Des pièges à éviter.
Tout en se fiant à ses idées, intuitions et à son « gros bon sens », le parent peut éviter de tomber dans certains pièges qui peuvent être lourds de conséquences. Prendre des raccourcis pour régler des situations plus difficiles peut donner l’impression que tout est réglé mais les impacts risquent de faire mal !
Par exemple, le parent qui met l’enfant dans son lit pour se réconforter ou éviter que l’enfant ne se réveille risque de lui envoyer le message que le sentiment de sécurité ne peut se trouver qu’en sa présence et dans le lit du parent. Il est préférable de rassurer et de consoler l’enfant dans son lit, dans sa chambre.
Bien sûr, une fois n’est pas coutume! Mais le parent qui se retrouve à recevoir la visite de son enfant toutes les nuits alors qu’il est rendu à 4 ans par exemple, voit les changements à entreprendre avec découragement. Plus on attend longtemps et plus les habitudes sont difficiles à changer!

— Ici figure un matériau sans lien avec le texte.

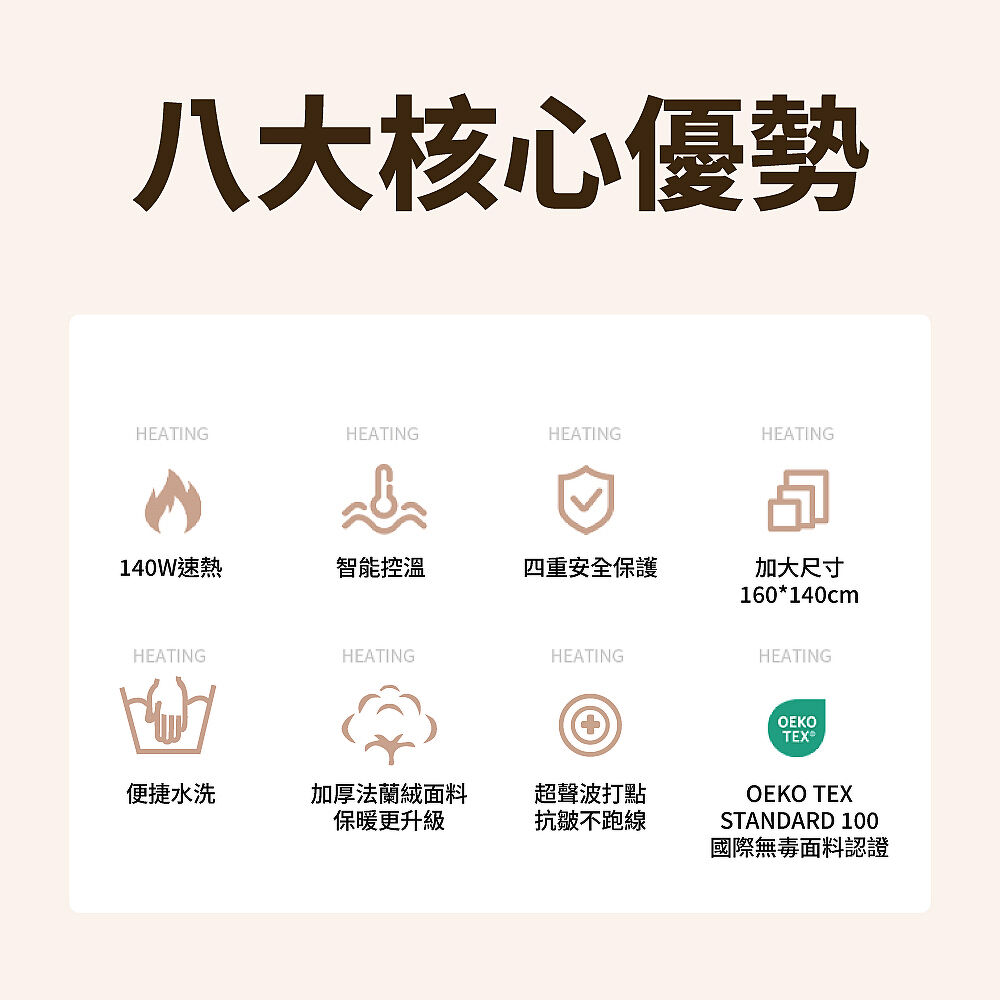 160 x 140 cm超大尺寸,全面暖活,舒適睡眠設計

Les bébés vivent des étapes plus difficiles comme entre 8 et 10 mois où ils ressentent une anxiété face à la séparation.
Il serait tentant pour un parent de vouloir le faire dormir avec lui ou elle. Même l’enfant adopté qui réagit aux premières nuits passées dans son nouvel environnement, doit être sécurisé dans sa nouvelle chambre. À la limite, un des parents peut se coucher avec lui dans la chambre de l’enfant.
Mettre des limites claires
L’enfant qui se prépare au sommeil va sans doute tenter de tester son parent pour voir s’il peut rester plus longtemps avec lui et vouloir se relever souvent. C’est au parent de clarifier les limites claires à l’enfant. Par exemple, qu’une fois la routine terminée, il n’est pas question de se relever et que quoi qu’il fasse, vous ne changerez pas d’idée.
Le bébé quant à lui, qui pleure la nuit peut être rassuré fermement avec tendresse « Maman ou papa est là. je t’aime. Dodo. » Bien sûr, le parent s’assure que son enfant n’a pas un problème particulier mais seule la décision du parent pourra influencer l’enfant. Quand le parent se sent coupable de laisser son enfant pleurer ce dernier sent qu’il finira par gagner !
Les enfants perçoivent très bien ce que ressentent leurs parents! Ce n’est pas toujours facile de gérer les nuits des tout-petits, c’est pourquoi il est utile de consulter un-e intervenant-e ou des livres: « Fais dodo mon trésor- Comment favoriser le sommeil de votre enfant » de Sylvie Galarneau, aux Éditions MNH,1999 et des histoires pour enfants; « Bonne nuit! Caillou » de la collection du cerf-volant.
De bonnes nuits à vous et à vos enfants!